Data extracted from a collection:
____
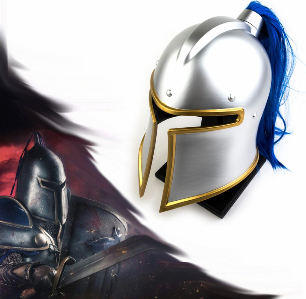 Lidé v alianci, uskupení mnoha ras, které ctí mír a světlo, museli vyvinout dostatečně silné brnění, aby mohli odolávat nájezdům orků či jiných silnějších nepřátel. Zde vidíte nádhernou repliku přilby 1:1 i se stojánkem!
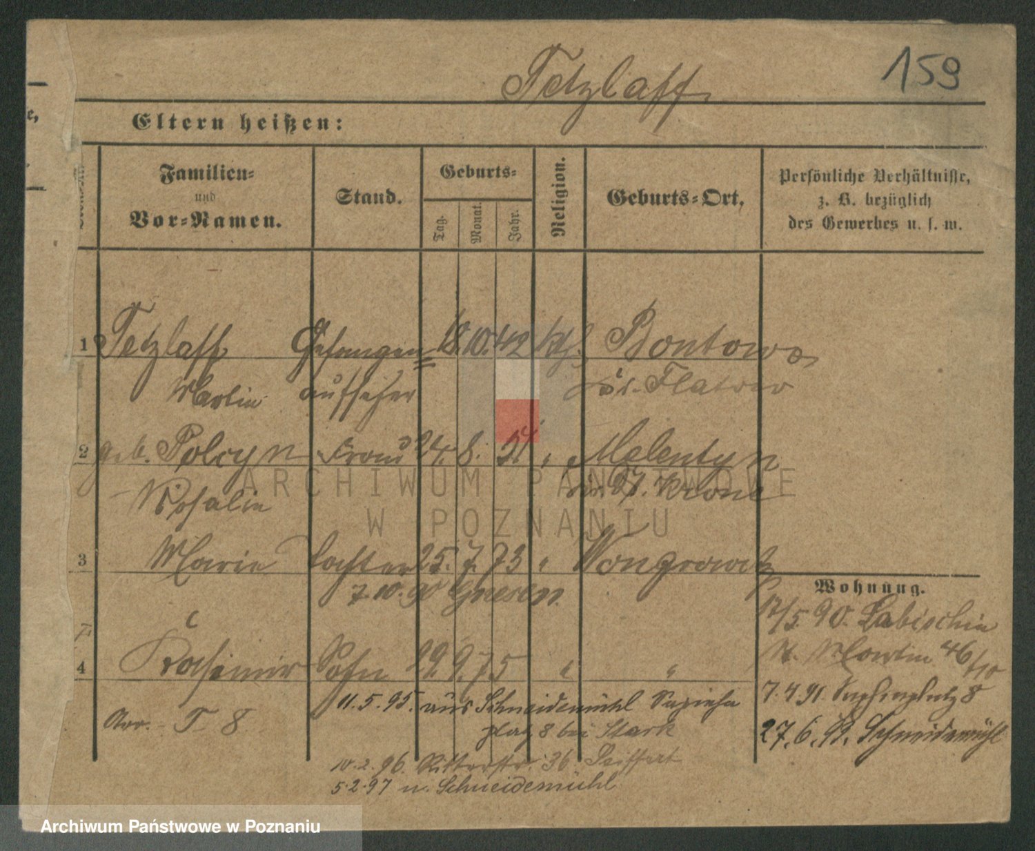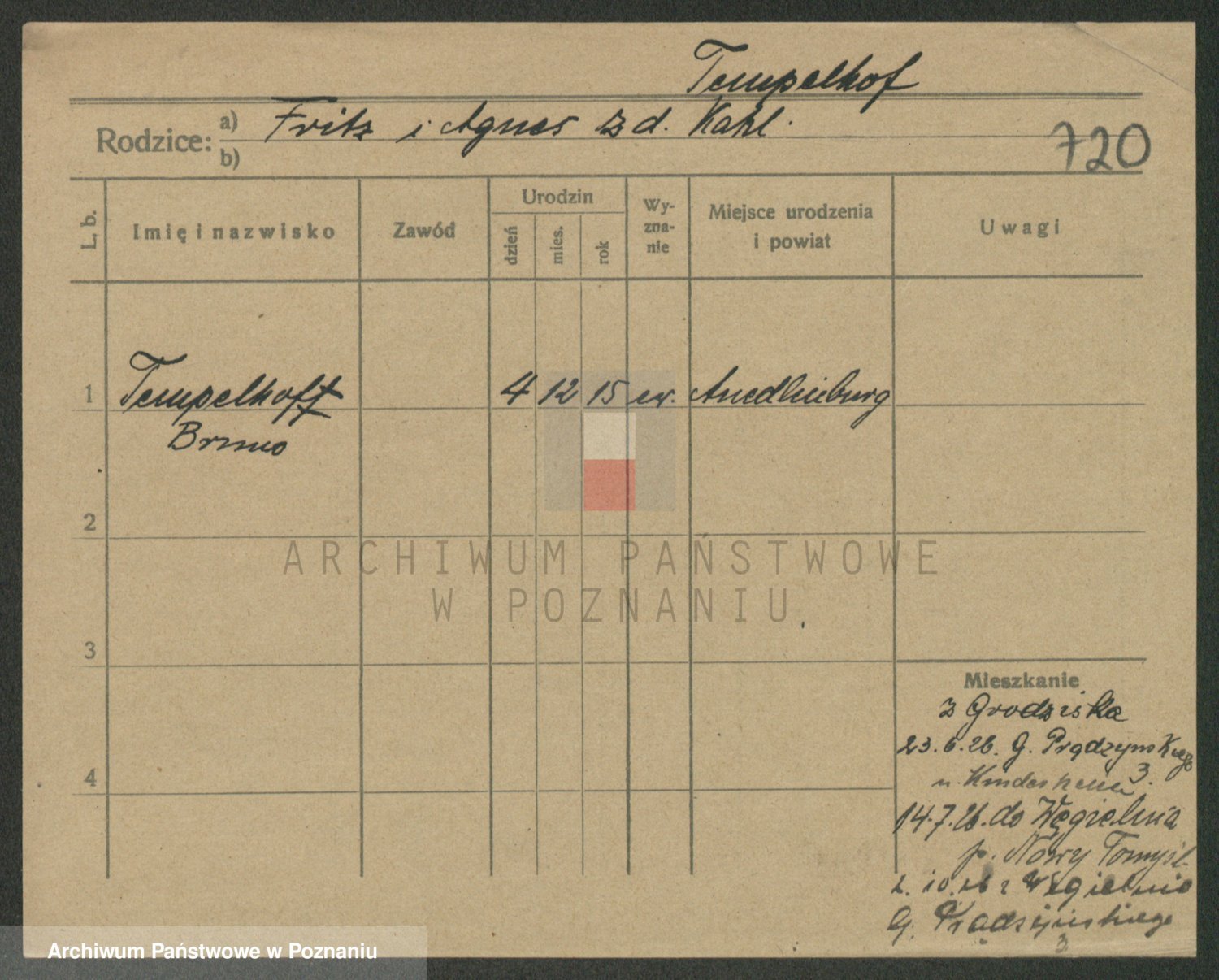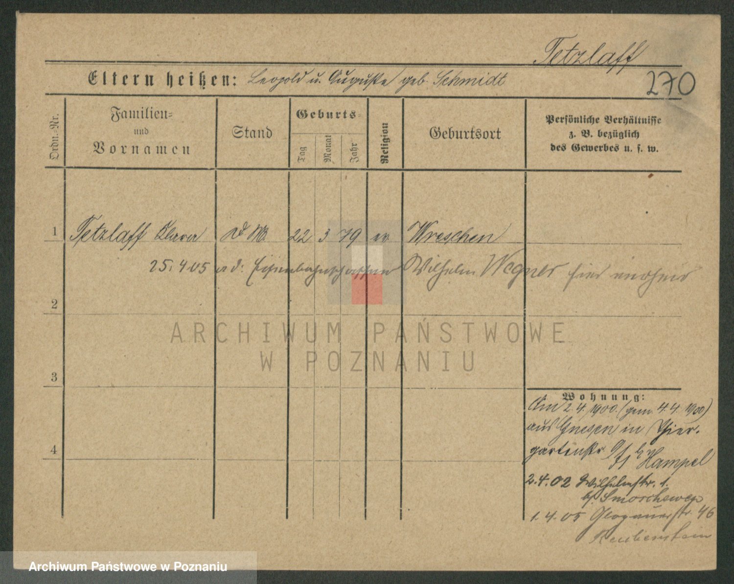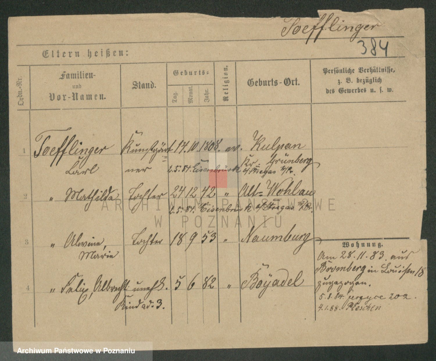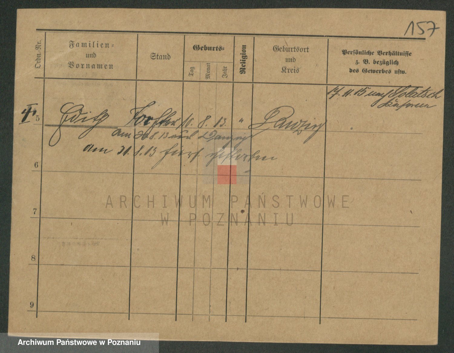 Podgląd karty osobowej dostępny jest po kliknięciu na nazwisko lub ikonkę karty. Można dokonywać powiększenia (ikony na górze) lub przechodzić między kolejnymi skanami (strzałki po bokach).
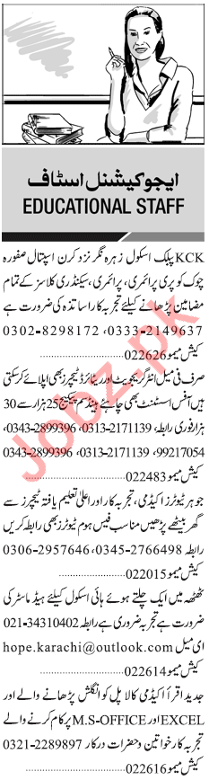 Jang Sunday Classified Ads 2018 for Teaching Staff
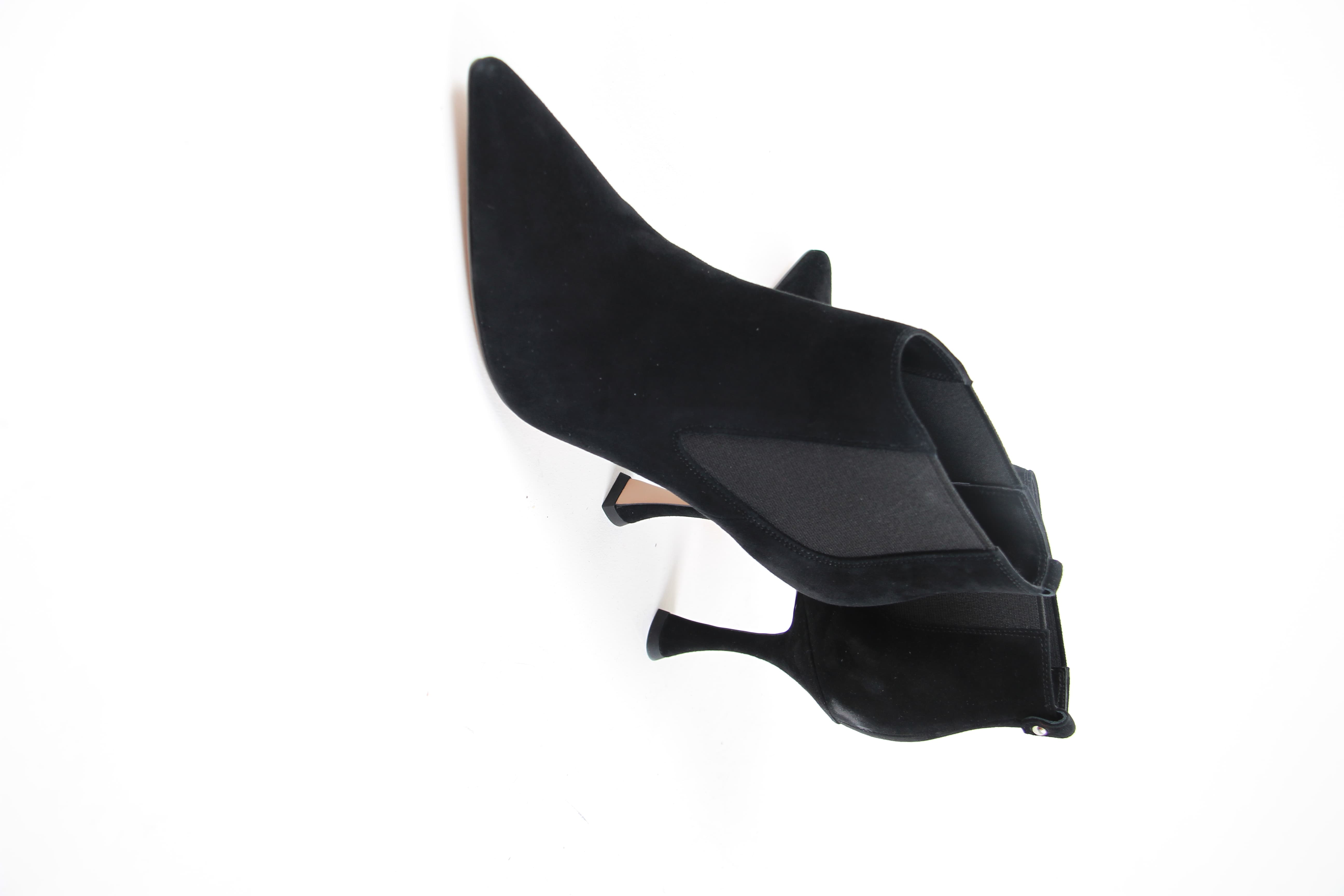 Ботильоны из натуральной замши. Высота каблука: 8,5 см.
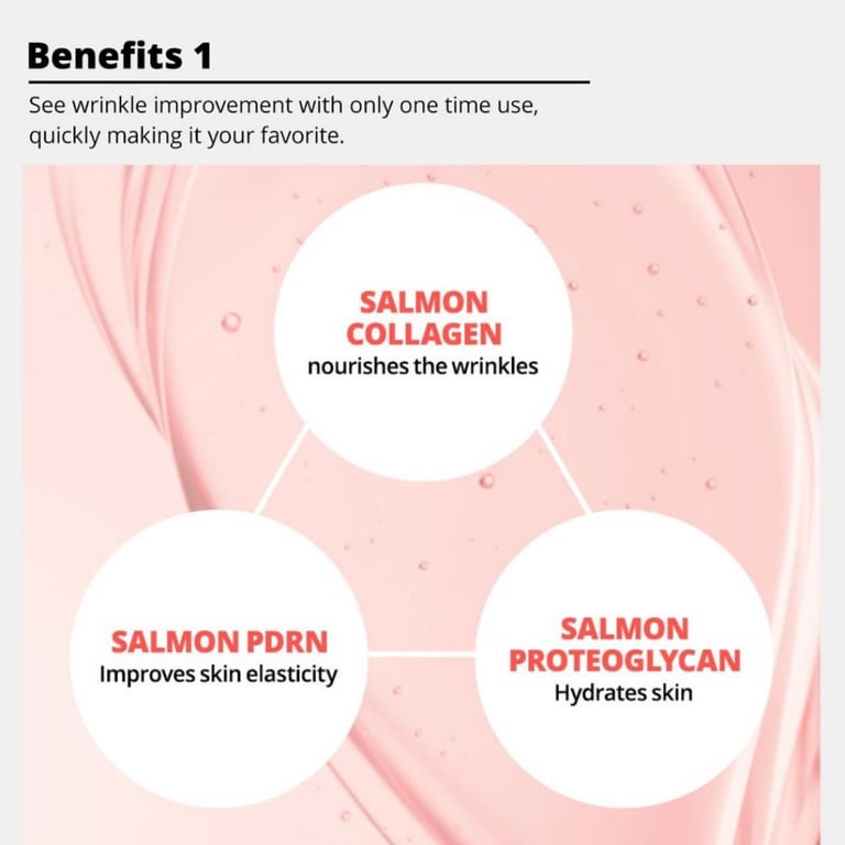 • - Infused with Salmon Complex such as Salmon Collagen and Salmon PDRN, which increases the synthesis of collagen in the skin to restore the elasticity of the skin effectively.
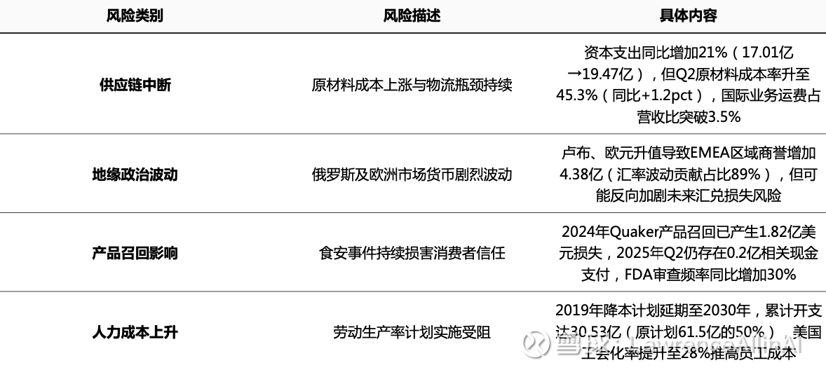洞察:国际饮料业务高度依赖新兴市场(EMEA占国际收入38%),俄罗斯资产占比超15%存在潜在制裁风险;自动化改造进度(仅完成计划50%)显示组织变革阻力较大。
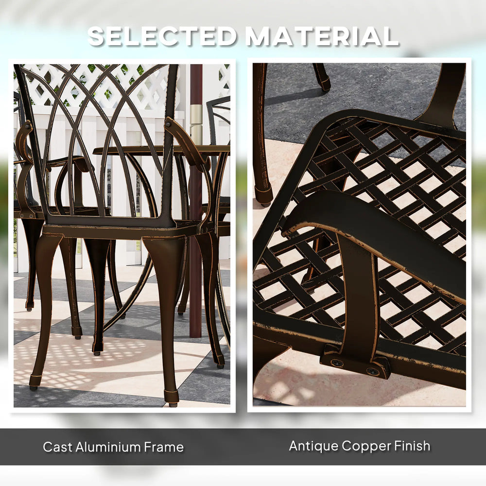 Outsunny 5 Pieces Garden Dining Set for 4, Cast Aluminium Outdoor Dining Set with 4 Armchairs and Round Dining Table with Parasol Hole, Garden Furniture Set, Bronze Tone
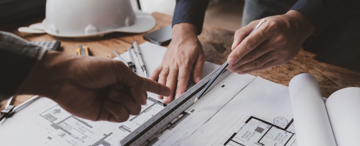 The home design architects are reviewing the house plan draft, the project commissioned by the client, and the custom design before delivery. Interior design and decoration ideas.
____
*ASSIGNMENT:*
With the pictures omitted, restate word for word the lines above from the line that has "the skin effectively." up to and including the line that has "洞察:国际饮料业务高度依赖新", and no other lines.

*TASK RESPONSE:*
 • - Infused with Salmon Complex such as Salmon Collagen and Salmon PDRN, which increases the synthesis of collagen in the skin to restore the elasticity of the skin effectively.
洞察:国际饮料业务高度依赖新兴市场(EMEA占国际收入38%),俄罗斯资产占比超15%存在潜在制裁风险;自动化改造进度(仅完成计划50%)显示组织变革阻力较大。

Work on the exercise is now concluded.